GPU Library for AMD GPUs


#1

I have followed the setup scripts given in http://wiki.fast.ai/index.php/Installation but all of them uses NVIDIA GPUs and installs the cuda library. Is there any equivalent to cuda for AMD GPUs for local installation?


#2

Hey, in the first place, you should not be following that setup guide. It was meant for fast.ai part 1 version 1. For AI Saturdays, we will be learning part 1 version 2 (v2) of the online course.

CUDA is a parallel computing platform and application programming interface (API) model created by NVIDIA. So, CUDA is limited to NVIDIA hardware. For AMD GPU, OpenCL would be the best alternative.

https://developer.amd.com/tools-and-sdks/opencl-zone/

AMD released ROCm, their open-source platform for GPU computing.

https://rocm.github.io/dl.html

Deep Learning Framework support for ROCm:

  • TensorFlow, PyTorch [status: under development]
  • Caffe [status: public]
  • and more

AMD GPU doesn’t work well with most machine learning/deep learning libraries yet.


#3

Thanks for sharing the information. Yes I have setup the cloud environment as per the docs. But I was just curious if there is a better alternative in local environment. As cloud instances costs so I was exploring some local alternatives for that.


#4

Alternative in local environment: Build your own box.

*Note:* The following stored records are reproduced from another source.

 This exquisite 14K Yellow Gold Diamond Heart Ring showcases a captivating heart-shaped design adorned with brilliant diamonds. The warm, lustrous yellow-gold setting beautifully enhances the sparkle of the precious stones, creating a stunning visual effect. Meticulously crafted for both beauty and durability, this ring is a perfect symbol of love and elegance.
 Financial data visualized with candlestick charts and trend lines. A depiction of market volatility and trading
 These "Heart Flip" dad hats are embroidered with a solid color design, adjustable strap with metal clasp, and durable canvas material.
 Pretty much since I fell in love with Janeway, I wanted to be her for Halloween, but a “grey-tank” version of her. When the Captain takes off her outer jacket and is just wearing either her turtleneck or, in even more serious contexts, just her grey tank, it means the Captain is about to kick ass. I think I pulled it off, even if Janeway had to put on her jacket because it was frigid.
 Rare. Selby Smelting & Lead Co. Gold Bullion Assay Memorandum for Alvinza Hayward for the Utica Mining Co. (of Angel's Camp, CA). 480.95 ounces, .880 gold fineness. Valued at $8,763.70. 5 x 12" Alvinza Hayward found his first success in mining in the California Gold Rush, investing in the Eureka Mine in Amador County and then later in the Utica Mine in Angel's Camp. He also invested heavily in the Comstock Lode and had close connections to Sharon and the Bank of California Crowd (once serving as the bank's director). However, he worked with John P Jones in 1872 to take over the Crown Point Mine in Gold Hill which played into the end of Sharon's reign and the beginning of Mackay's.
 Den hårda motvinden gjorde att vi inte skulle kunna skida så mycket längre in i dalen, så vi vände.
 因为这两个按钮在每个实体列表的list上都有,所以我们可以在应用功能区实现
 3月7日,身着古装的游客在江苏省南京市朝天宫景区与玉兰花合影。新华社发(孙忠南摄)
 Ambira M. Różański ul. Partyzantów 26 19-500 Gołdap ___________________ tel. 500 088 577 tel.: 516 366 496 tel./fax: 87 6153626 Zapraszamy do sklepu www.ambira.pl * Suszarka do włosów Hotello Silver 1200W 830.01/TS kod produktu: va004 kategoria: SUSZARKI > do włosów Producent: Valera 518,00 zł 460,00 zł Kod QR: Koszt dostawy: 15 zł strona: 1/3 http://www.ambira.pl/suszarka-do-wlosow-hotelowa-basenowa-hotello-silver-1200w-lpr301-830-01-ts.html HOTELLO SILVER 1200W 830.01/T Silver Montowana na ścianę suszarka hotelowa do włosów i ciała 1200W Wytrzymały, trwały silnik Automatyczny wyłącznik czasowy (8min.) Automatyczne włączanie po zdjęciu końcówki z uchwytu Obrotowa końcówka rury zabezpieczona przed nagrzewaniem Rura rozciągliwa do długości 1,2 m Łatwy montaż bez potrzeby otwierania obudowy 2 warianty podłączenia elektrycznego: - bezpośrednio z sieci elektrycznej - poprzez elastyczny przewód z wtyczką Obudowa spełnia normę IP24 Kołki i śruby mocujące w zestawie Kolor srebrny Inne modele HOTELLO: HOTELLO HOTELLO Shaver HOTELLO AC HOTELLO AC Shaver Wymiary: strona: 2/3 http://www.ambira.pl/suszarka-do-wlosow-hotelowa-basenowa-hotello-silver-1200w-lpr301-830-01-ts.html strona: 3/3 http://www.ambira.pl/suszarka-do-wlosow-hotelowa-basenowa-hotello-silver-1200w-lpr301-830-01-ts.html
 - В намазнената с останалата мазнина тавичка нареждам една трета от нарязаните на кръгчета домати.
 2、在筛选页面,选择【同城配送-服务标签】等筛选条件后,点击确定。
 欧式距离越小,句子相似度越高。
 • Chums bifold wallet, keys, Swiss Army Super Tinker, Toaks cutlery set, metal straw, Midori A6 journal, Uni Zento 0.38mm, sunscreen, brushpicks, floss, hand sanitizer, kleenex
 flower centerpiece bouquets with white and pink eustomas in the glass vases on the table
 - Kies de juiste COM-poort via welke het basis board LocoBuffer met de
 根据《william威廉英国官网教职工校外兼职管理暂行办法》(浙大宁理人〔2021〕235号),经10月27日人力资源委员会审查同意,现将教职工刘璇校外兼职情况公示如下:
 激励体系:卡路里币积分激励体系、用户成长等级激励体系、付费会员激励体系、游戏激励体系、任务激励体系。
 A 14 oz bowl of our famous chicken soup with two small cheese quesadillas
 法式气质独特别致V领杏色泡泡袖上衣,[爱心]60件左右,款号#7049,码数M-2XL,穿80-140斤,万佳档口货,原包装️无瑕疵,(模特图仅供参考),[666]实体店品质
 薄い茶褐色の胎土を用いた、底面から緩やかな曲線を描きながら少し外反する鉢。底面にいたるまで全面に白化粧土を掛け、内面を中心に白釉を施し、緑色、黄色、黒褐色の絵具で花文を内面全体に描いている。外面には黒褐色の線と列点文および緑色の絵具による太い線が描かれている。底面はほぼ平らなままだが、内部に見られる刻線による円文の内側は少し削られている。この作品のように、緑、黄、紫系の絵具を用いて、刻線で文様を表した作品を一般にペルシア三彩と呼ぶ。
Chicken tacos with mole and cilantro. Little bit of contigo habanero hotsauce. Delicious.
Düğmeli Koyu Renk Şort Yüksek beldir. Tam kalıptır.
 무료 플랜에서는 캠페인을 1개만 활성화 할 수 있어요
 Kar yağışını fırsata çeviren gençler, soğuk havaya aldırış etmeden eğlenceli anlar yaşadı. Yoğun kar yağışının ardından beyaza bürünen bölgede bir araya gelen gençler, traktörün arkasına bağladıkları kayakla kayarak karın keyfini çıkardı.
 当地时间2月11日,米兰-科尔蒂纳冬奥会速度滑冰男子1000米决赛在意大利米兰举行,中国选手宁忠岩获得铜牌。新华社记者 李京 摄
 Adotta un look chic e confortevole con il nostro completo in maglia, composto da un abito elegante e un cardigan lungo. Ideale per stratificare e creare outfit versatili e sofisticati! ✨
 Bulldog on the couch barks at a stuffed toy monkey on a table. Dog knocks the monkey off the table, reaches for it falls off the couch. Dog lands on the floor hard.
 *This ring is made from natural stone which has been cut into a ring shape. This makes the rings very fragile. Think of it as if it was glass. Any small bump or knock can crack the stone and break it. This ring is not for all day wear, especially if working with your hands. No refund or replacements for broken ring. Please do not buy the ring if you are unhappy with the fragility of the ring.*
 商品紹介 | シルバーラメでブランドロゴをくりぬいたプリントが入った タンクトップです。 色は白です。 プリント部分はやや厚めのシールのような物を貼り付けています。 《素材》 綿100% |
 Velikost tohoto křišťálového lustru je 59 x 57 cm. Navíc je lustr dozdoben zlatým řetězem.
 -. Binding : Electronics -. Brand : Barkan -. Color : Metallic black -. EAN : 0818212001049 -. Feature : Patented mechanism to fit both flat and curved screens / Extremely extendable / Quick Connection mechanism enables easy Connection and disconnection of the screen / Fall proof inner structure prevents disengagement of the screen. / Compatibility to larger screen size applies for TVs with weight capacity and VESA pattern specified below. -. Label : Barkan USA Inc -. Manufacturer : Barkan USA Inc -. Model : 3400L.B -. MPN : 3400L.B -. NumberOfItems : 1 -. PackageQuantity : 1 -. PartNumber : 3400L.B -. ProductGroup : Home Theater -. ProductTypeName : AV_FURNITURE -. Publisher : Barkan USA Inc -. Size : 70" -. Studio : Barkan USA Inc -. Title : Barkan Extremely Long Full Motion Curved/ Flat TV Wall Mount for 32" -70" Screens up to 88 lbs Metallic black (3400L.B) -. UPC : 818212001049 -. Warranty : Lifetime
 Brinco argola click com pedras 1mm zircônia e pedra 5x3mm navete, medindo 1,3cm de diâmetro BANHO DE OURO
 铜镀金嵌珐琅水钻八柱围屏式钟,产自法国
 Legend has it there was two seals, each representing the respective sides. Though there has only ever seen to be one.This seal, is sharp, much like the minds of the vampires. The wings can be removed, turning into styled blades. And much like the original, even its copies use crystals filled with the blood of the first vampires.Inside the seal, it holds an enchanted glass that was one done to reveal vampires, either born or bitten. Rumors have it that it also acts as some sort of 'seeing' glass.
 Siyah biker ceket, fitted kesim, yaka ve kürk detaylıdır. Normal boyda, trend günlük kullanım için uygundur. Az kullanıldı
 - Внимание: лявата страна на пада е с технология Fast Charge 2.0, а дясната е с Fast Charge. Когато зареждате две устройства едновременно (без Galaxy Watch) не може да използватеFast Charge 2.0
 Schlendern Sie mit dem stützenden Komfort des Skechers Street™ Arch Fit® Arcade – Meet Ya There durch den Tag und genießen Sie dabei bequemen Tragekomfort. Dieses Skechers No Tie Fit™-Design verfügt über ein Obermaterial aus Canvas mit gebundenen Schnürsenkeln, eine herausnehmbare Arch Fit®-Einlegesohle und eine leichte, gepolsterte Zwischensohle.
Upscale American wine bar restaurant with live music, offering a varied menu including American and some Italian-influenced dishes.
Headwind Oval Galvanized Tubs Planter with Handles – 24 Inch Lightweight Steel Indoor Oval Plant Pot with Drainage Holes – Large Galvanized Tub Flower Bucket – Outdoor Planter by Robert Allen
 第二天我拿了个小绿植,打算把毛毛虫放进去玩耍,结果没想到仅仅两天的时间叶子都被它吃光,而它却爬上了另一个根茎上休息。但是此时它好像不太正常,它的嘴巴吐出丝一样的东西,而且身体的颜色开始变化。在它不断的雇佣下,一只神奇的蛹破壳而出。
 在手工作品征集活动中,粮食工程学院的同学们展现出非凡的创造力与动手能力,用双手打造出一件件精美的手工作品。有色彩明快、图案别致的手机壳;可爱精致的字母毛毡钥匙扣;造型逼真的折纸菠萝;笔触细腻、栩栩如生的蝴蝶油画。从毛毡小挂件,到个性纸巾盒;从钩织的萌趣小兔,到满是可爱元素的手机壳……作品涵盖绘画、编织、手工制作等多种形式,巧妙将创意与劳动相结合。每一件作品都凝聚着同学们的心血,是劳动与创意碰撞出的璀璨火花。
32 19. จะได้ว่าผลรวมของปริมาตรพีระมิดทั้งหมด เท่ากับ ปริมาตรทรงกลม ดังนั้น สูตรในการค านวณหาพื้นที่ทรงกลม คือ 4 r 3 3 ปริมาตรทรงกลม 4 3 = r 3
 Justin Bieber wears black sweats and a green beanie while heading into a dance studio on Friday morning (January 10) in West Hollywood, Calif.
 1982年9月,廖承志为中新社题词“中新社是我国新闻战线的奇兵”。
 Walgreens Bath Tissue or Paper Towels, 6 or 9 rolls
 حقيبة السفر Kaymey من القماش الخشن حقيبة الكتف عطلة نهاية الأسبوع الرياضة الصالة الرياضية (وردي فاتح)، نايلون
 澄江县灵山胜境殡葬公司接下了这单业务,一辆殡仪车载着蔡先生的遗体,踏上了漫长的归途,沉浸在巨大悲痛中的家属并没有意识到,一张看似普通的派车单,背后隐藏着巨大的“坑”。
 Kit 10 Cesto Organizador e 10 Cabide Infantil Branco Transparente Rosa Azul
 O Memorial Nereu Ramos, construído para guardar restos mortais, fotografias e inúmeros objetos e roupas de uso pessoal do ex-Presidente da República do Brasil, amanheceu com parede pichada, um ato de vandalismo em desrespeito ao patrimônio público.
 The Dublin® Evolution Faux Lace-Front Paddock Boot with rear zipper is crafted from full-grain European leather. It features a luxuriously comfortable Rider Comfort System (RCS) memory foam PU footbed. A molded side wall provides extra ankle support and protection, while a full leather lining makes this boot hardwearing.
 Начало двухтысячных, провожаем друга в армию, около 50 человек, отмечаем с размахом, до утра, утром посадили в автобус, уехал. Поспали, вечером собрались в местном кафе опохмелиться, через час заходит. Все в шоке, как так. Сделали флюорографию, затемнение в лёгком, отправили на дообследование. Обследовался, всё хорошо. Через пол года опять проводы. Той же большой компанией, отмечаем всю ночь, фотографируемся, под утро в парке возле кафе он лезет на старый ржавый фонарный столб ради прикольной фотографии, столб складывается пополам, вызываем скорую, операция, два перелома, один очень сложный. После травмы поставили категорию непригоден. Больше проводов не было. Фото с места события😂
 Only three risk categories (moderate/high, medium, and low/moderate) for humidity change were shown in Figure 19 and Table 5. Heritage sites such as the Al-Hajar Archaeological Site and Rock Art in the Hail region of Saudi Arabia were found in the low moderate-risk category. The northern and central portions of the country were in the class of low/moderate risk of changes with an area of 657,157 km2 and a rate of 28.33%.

Here’s a lengthy thread from fast.ai forums where people ask questions, share what components they are using, and post other useful links and tips. The cheapest new NVIDIA GPUs are around $300 and others paying more for more powerful GPUs. A few of fast.ai’s students wrote blog posts documenting how they built their machines:


#5

The cloud instances are a good place to start when you’re exploring the field. Once you’re sure, then you might want to shift to an economic alternative.

AMD doesn’t support the libraries that we use for DL as of now.
The AI Saturday communities will be using GCP, which offers 300$ as a signing up credit (for every gmail account used). I think that might be good place for you start at.

Otherwise if you’re a student, you can try the AWS Educate program for 150$ credit.